The Round Robin model (RR-N) is a resource sharing protocol and Slotted Ring (SR-N) is the model of a communication protocol with N participants.
DPhil is the well-known dining philosophers model.
The Flexible Manufacturing System (FMS-N) and Kanban models a production system. The parameter N refers to the complexity of the model checking problem.
PRISE example is a small, but important safety-critical industrial system: the safety function initiating an emergency procedure in a nuclear power plant.
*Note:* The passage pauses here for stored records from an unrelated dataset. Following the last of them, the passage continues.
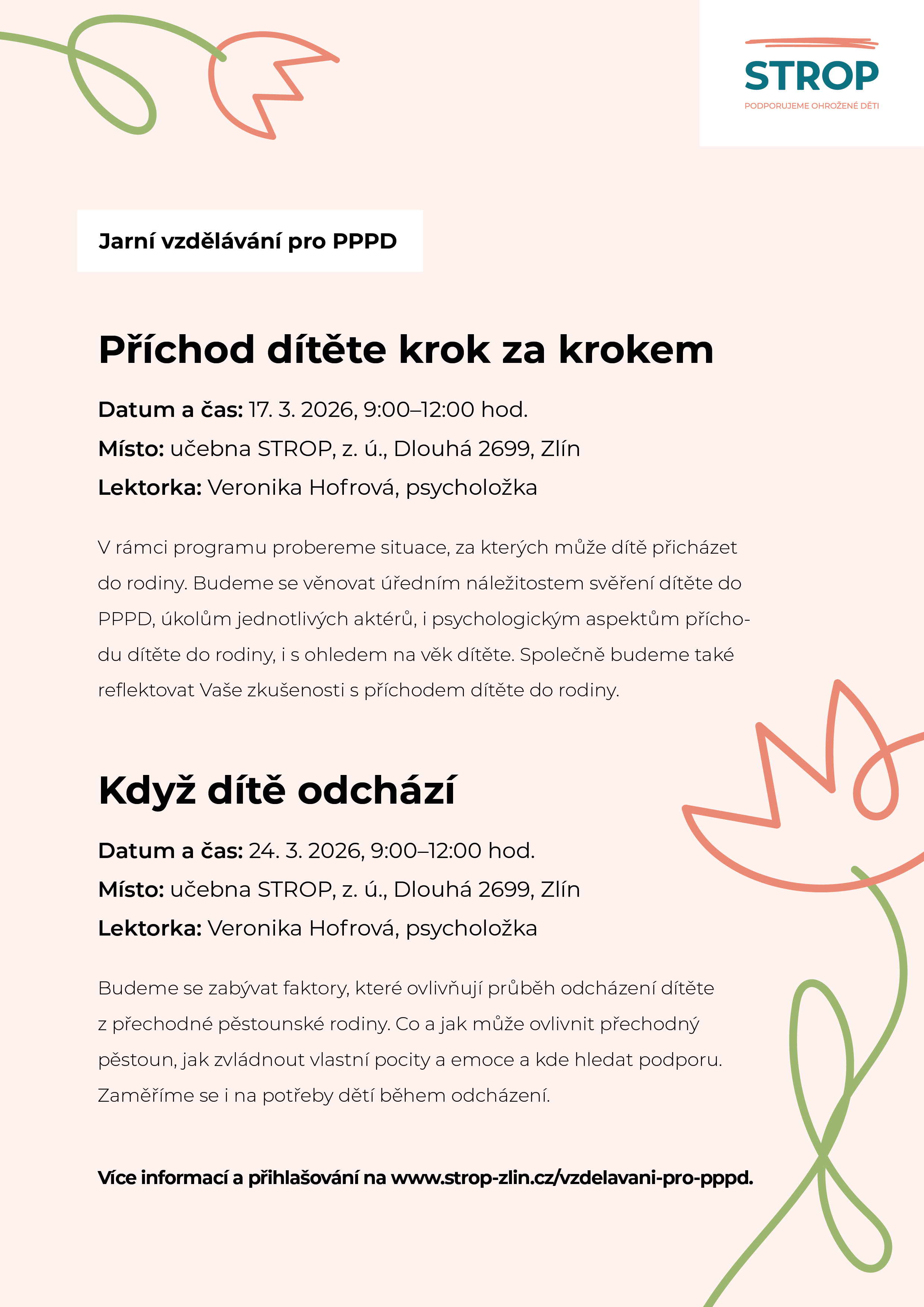 Přihlášení je možné do 5. března 2026. Podrobné informace a přihlašovací formulář najdete zde: www.strop-zlin.cz/vzdelavani-pro-pppd.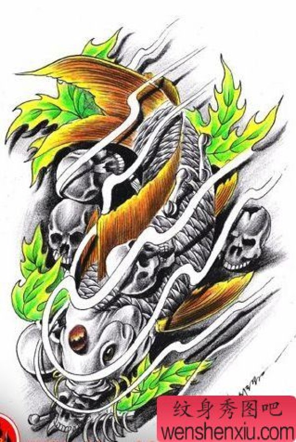 经典时尚超帅的鲤鱼锦鲤叶子骷髅纹身图案(精品)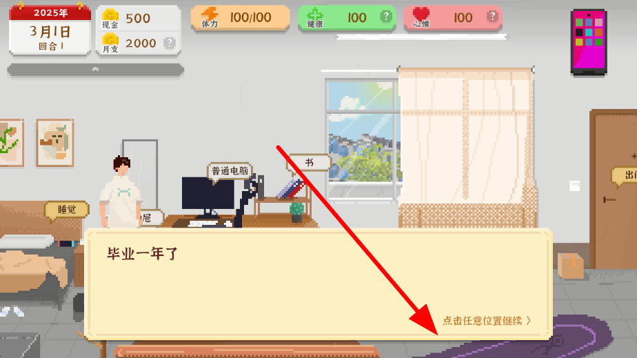 1、新人玩家开始体验,首先进入游戏,会有毕业一年了的提示,点击任意位置继续,开启在我独自生活中的生活模拟之旅。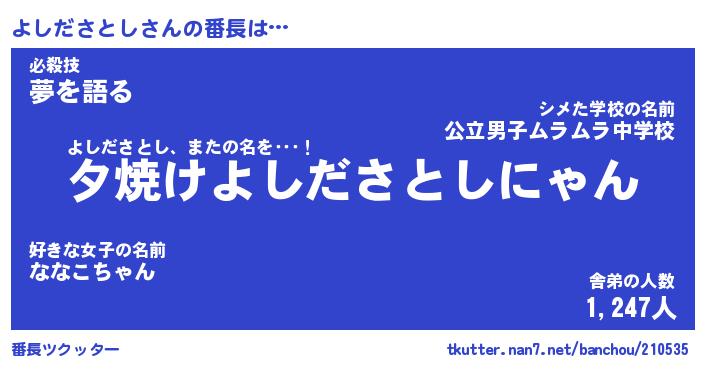 | ヒーロー風カッコイイあだ名 | 『スーパーヨシダサトシ』『暗黒騎士ヨシ』 |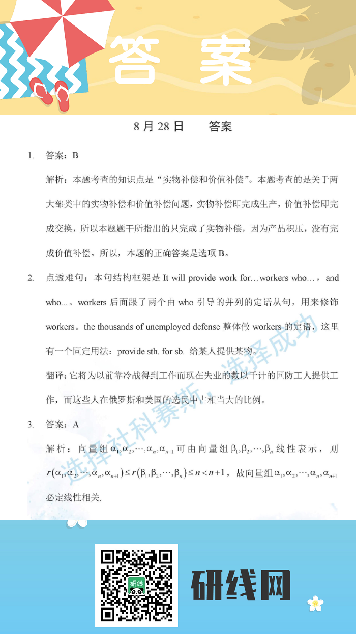 8月28日:2020拼搏在线官网学硕每日一练以及答案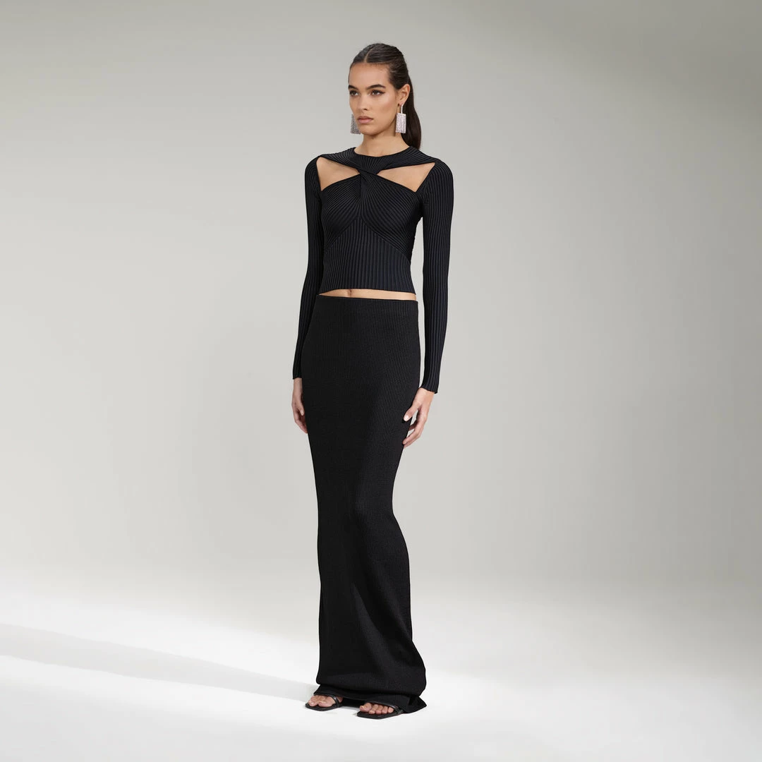 Self-portrait Black Ribbed Knit Cut Out Top NEW ARRIVALS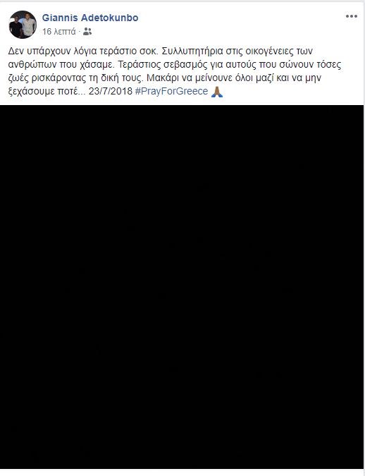 «Δεν υπάρχουν λόγια τεράστιο σοκ. Συλλυπητήρια στις οικογένειες των ανθρώπων που χάσαμε» έγραψε στο λογαριασμό του στο Facebook ο Γιάννης Αντετοκούνμπο. «Τεράστιος σεβασμός για αυτούς που σώνουν τόσες ζωές ρισκάροντας τη δική τους. Μακάρι να μείνουνε όλοι μαζί και να μην ξεχάσουμε ποτέ… 23/7/2018 #PrayForGreece» πρόσθεσε ο αστέρας του NBA.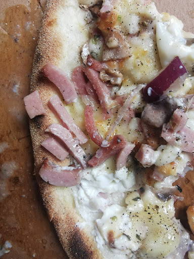 j'ai beaucoup apprécié cette pùte originale (bien qu'à peine trop fine parfois, pouvant créer des trous d'obus dans la pizza (sans les obus((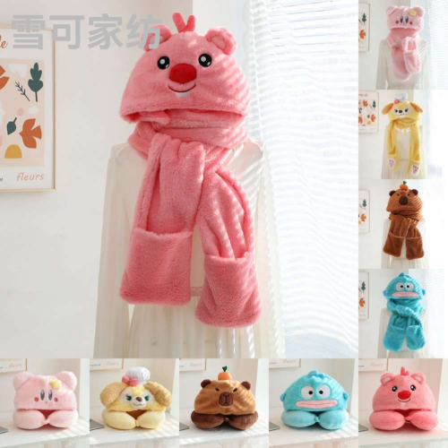 cute cartoon hat neck pillow scarf integrated winter cycling cold protection warm scarf gloves three-piece set gift 中文版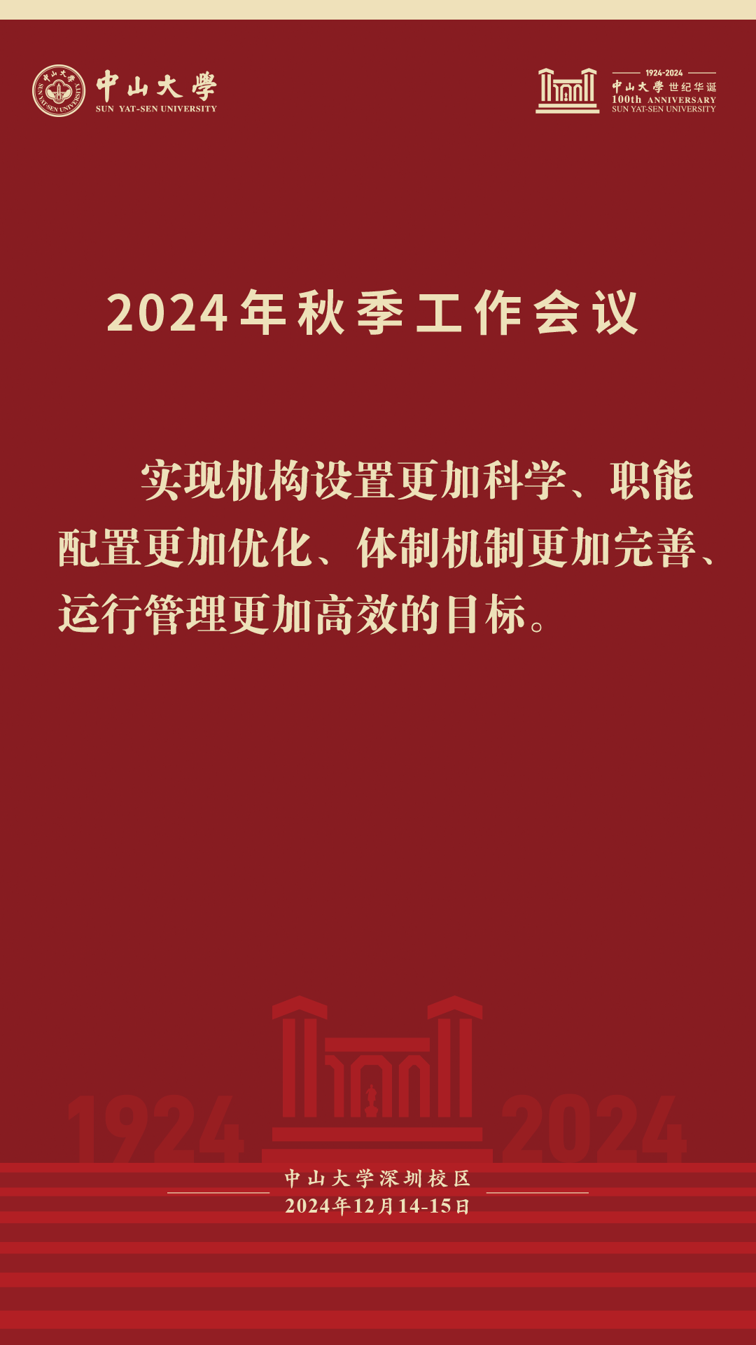 中大新聞網(wǎng)訊(記者余婷、馮賢哲 攝影鄭鈺、王佳鴻、肖遙)凝心聚力、奮發(fā)進(jìn)取,銳意改革、攻堅(jiān)克難。12月14日上午,中山大學(xué)2024年秋季工作會(huì)議在深圳校區(qū)開幕。本次大會(huì)主題是學(xué)習(xí)貫徹習(xí)近平總書記致中山大學(xué)建校100周年重要賀信精神,推進(jìn)學(xué)校治理體系和治理能力現(xiàn)代化,加快建設(shè)中國(guó)特色世界一流大學(xué)。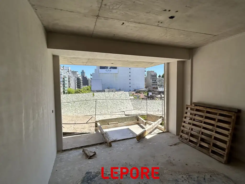 La unidad se ubica al frente sobre la Av. Dorrego. Amplio ambiente con salida al balcón, living/habitación con cocina integrada bajo mesada, alacenas con frentes laqueados y barra desayunadora. Las unidades se entregan con la pre instalación para equipos Split frío - calor. Living - comedor, cocina, baños y balcón se entregan con pisos porcellanatos.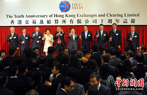 6月22日,香港交易及结算所有限公司(港交所)成立十周年举行庆祝酒会。图为特区行政长官曾荫权、港交所主席夏佳理及集团行政总裁李小加等在酒会上举杯庆祝。中新社发 邓庆乐 摄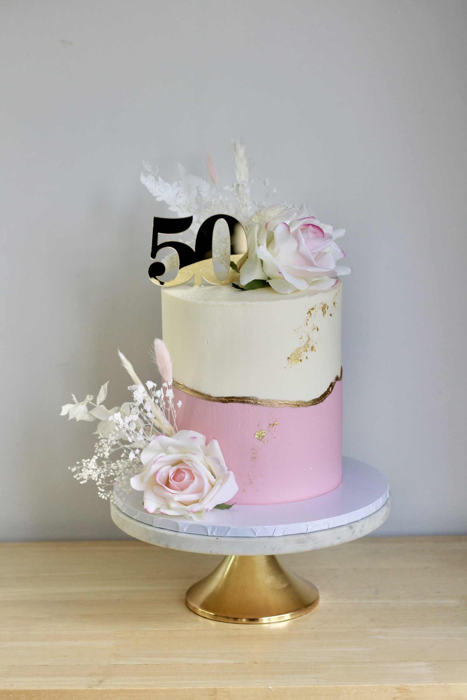 The Blush Harmony Cake V1 is a timeless masterpiece, designed for those who appreciate understated elegance. This single-tier cake features a graceful ombré blend of ivory and soft pink, accented with delicate artificial roses and golden touches for a refined finish. A scattering of dried florals and shimmering details make this cake a stunning choice for birthdays, anniversaries, and special celebrations.

As verification requirement we used a complex fairness property stating that the initialization can be infinitely often activated under dangerous situations.

The following table shows the different models and expressions we evaluated in each tool, with the runtimes of the algorithms. To reproduce our results, one may download the following archives, in which we give our models, expressions and scripts, in some cases together with the tool itself. To run measurements in PetriDotNet, please refer to the README file in the Application folder. The other tools are run using the "run-timeout.bat" or "run_timeout.sh" script files. Be aware that NuSMV and NuXMV may require installation and modification of environment variables.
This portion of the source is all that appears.